Understanding the data processing capability¶

Note

The Data Playbook defines a set of capabilities that represent conceptual building blocks that are used to build data-related solutions. See Defining data capabilities to see the full set of capabilities defined in the playbook.

The goal of data processing is to process or transform the (raw) data ingested by the data ingestion to support business operations. Other terms commonly used for data processing are data transformation, data wrangling, and data munging.

Generally, data processing systems optimize either for higher overall throughput or lower end-to-end latency. This difference is generally what distinguishes batch processing from stream/real-time processing frameworks. It is important to note that this distinction is not black and white, but rather a range with various data processing frameworks sitting somewhere in this spectrum. The target of the data processing is almost always the data repositories built per the data architecture in place(for example, DWH, data lake or lakehouse or data mesh or a combination of these).

Refer to ETL/ELT to learn more about the foundational concepts of any data processing implementation.

Refer to the Understanding data processing characteristics section to note the common steps associated with data processing.

Common data processing types/architectures are:

Relational/Transactional Systems
- OLTP
- OLAP
Big Data Systems
- Lambda
- Kappa
- IOT
Event Driven Systems

Understanding data processing characteristics¶

Common steps in this stage include:

Converting data into required/standard formats.
Identifying invalid records (record level validation).
Identifying and optional removal of duplicate records.
Preparing to store in target architecture (type of storage (db or lake), levels of normalization for db, etc.).
Column/field level data validations.
Gathering of operational data.
As per (business) requirements, applying data transformations to derive new set of data elements and/or transform existing fields.
Applying data quality checks.
Performing data cleansing.
Populating Raw/Bronze and Silver/Transformed storages that are maintained with more granularity and Gold/Curated layers with aggregated information.
Ensuring data availability to other data processes/systems as per agreements (API requests, data formats, SLAs).
Monitoring and logging at each step.

Note that the list is not exhaustive and not all systems include all these steps.

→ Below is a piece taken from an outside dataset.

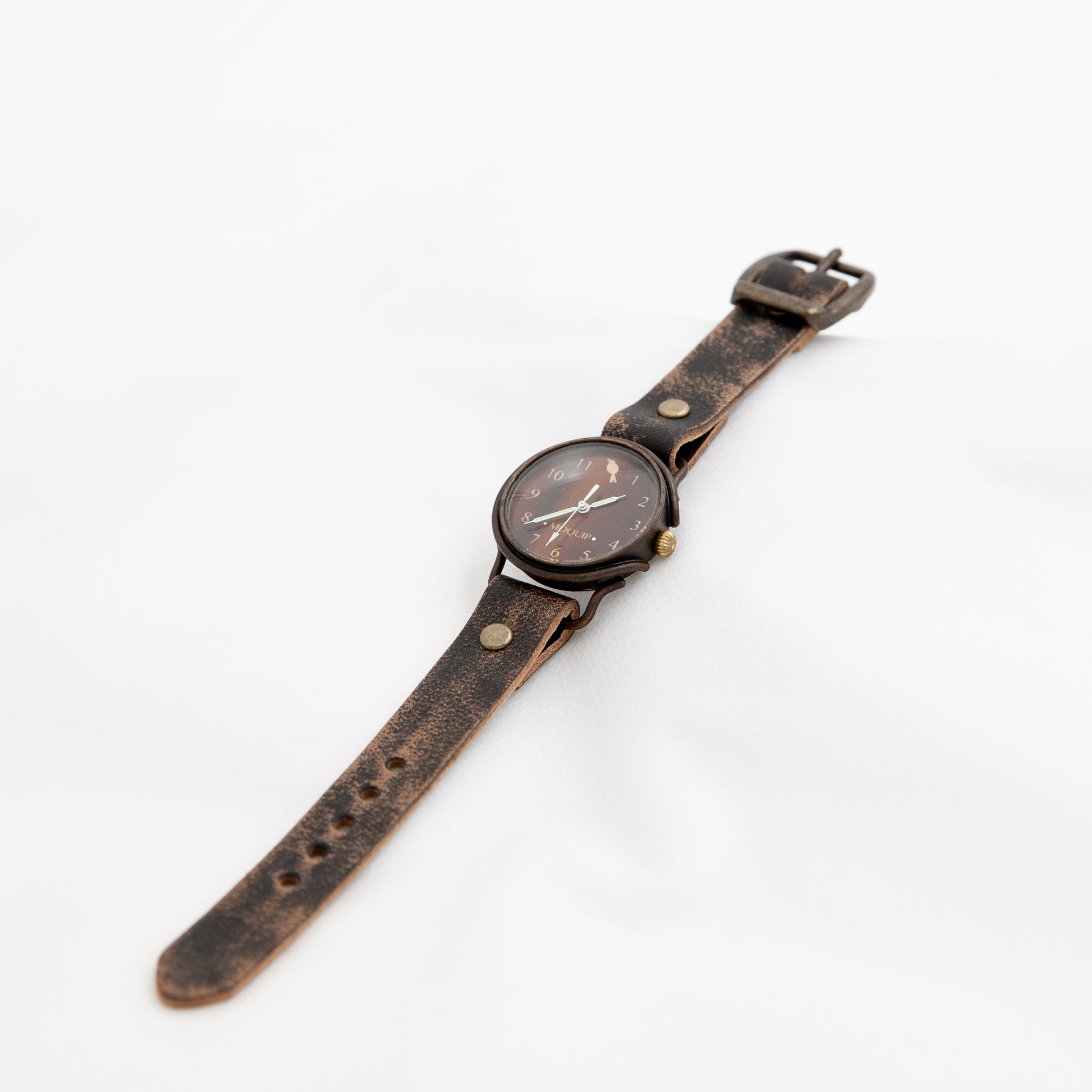 バンドは、顔料、動植物の色素の意味を持つPigmentから作られた MOQUIPオリジナルのピグメントレザーで、植物タンニン鞣しで油を多めに含ませており、表面に顔料で色付けしています。仕立てた後にその顔料を部分的に剥がして、ヴィンテージ風の仕上げをしております。その隙間から浮かぶ茶芯(革の地の色のヌメ色)が奥深い風合いを出しています。使い込むほどに手になじみ、味わいが増してきます。

Learn more about data processing in Microsoft Fabric¶

Microsoft Fabric supports both batch and stream processing. Data processing on Fabric also supports both No-Code/Low-Code solutions and data engineering oriented solutions. For batch processing (cold path), Microsoft Fabric supports this through Data pipelines, Dataflows, Notebooks executed by Spark Jobs, and SQL Queries through the Data Warehouse feature. Real-Time Analytics makes stream processing (hot path) possible in Microsoft Fabric.

Refer to decision guide for a comparison of these options.

Examples¶

Data Processing: Preprocessing ROS files: Example batch process to extract large bag files (ROS) into raw layer.
Event driven processing example: Temperature events using serverless compute.

Learn how to use batch processing¶

File processing and validation using logic apps and durable functions

Learn how to use stream processing¶

Project StreamShark: StreamShark (SS) is a console application that connects and retrieves all messages from an event hub. The tool provides real-time observation of event flow patterns with an intent to shorten the application development feedback loop. When SS is executed, the sequence is: The application connects to Azure Event Hubs, retrieves data from the last checkpoint, aggregates metrics about the received data in real time, displays the metrics in a terminal window.
Azure Kusto Labs: This repository features self-contained, hands-on-labs with detailed and step-by-step instructions. The artifacts (data, code, etc.) to try out various features and integration points of Azure Data Explorer (Kusto) are also included.
Streaming at Scale: The samples show how to set up an end-to-end solution to implement a streaming at scale scenario using a choice of different Azure technologies. A few possible ways to implement streaming in Azure are Kappa or Lambda architectures, a variation of them, or custom ones. Each architectural solution can also be implemented with different technologies, with its own pros and cons.
Build a delta lake to support ad hoc queries in online leisure and travel booking: This architecture provides an example delta lake for travel booking. Here, large amounts of raw documents are generated at a high frequency.
Serverless event processing: Reference architecture showing a serverless event-driven architecture. The sample ingests a stream of data, processes the data, and writes the results to a back-end database.
De-batch and filter serverless event processing with Event Hubs: A solution idea showing a variation of a serverless event-driven architecture using Azure Event Hubs and Azure Functions to ingest and process a stream of data. The results are written to a database for storage and future review once de-batched and filtered.
Azure Kubernetes in event stream processing: Describes a variation of a serverless event-driven architecture, hosted on Azure Kubernetes with KEDA scaler. The sample ingests a stream of data, processes the data, and then writes the results to a back-end database.